William Spenser (died 24 September 1589) was an English Roman Catholic priest. He is a Catholic martyr, beatified in 1987.

Life
Spenser was born at Ghisburn, Yorkshire.  His maternal uncle, William Horn, who signed for the Rectory of Cornwell, Oxfordshire, in 1559, sent him in 1573 to Trinity College, Oxford, where he became Fellow in 1579 and M.A. in 1580. There, convinced of the truth of Catholicism, he used his position to influence his pupils in that direction; but he delayed his conversion till 1582, when, with four other Trinity men (John Appletree, B.A., already a priest; William Warford, M.A. and Fellow, afterwards a Jesuit; Anthony Shirley, M.A. and Fellow, afterwards a priest; and John Fixer, B.A., afterwards a priest), he embarked from the Isle of Wight.

They landed near Cherbourg, arriving at Reims, 2 November.
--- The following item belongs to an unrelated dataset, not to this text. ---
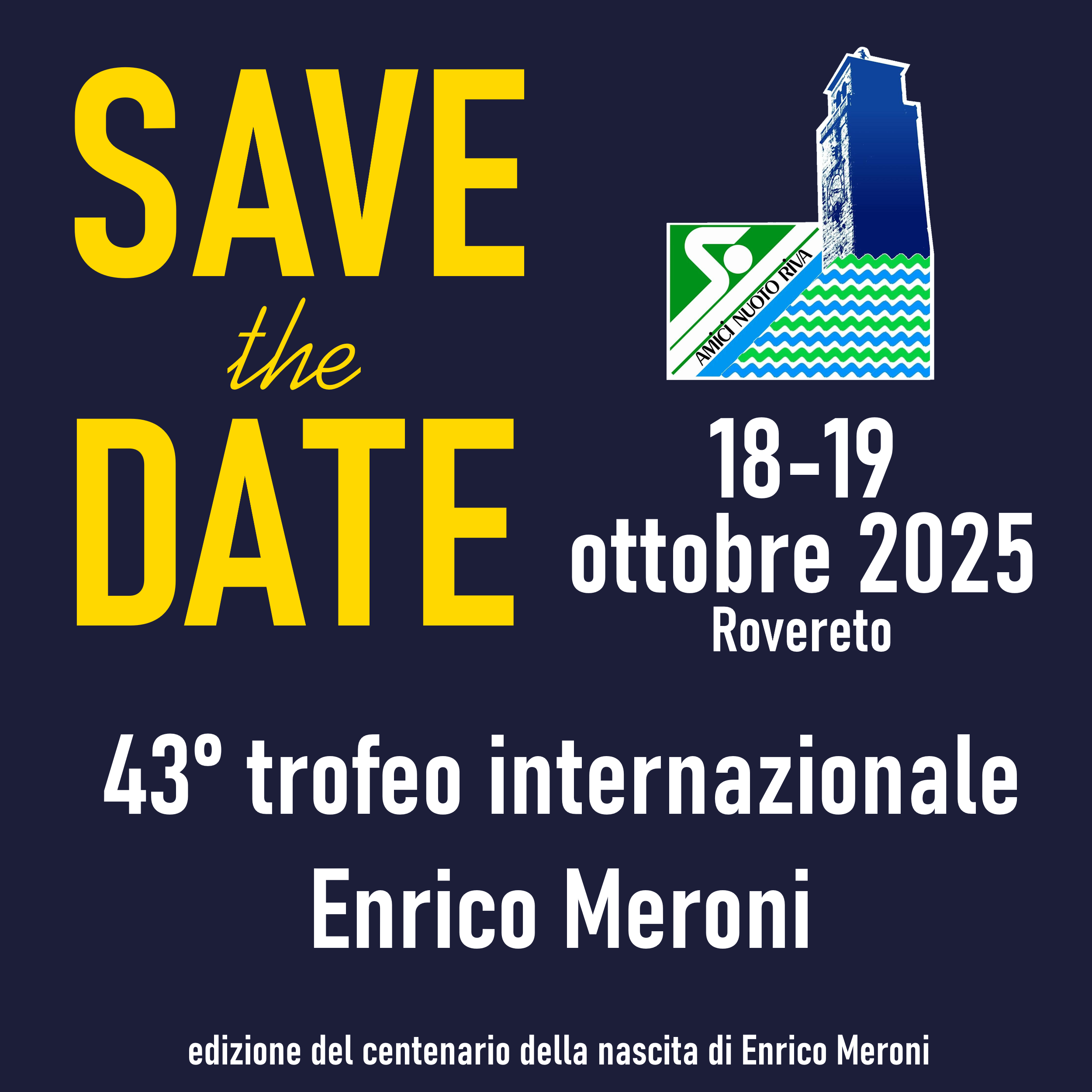 È disponibile la startlist del 43° Trofeo Internazionale “Enrico Meroni” - 42ª Coppa Sprinters “Amici Nuoto Riva” che si terrà in vasca corta presso il Centro Natatorio Comunale di Rovereto il 18 e 19 ottobre 2025 con organizzazione a cura di Amici Nuoto Riva in collaborazione con Leno 2001. Manifestazione internazionale inserita nel calendario European Aquatics, con la partecipazione di club italiani e stranieri. L’edizione 2025 celebrerà il centenario della nascita di Enrico Meroni, a cui è intitolato il Trofeo.

Received into the Catholic Church five days later, he was ordained sub-deacon and deacon at Laon by the bishop, Valentine Douglas, 7 April 1583, and priest at Reims by the Cardinal Archbishop Louis de Guise, 24 September.

He was sent on the English mission 29 August 1584. He effected the reconciliation of his parents and his uncle (the latter was living as a Catholic priest in 1593), and afterwards voluntarily immured himself in York Castle to help the prisoners there.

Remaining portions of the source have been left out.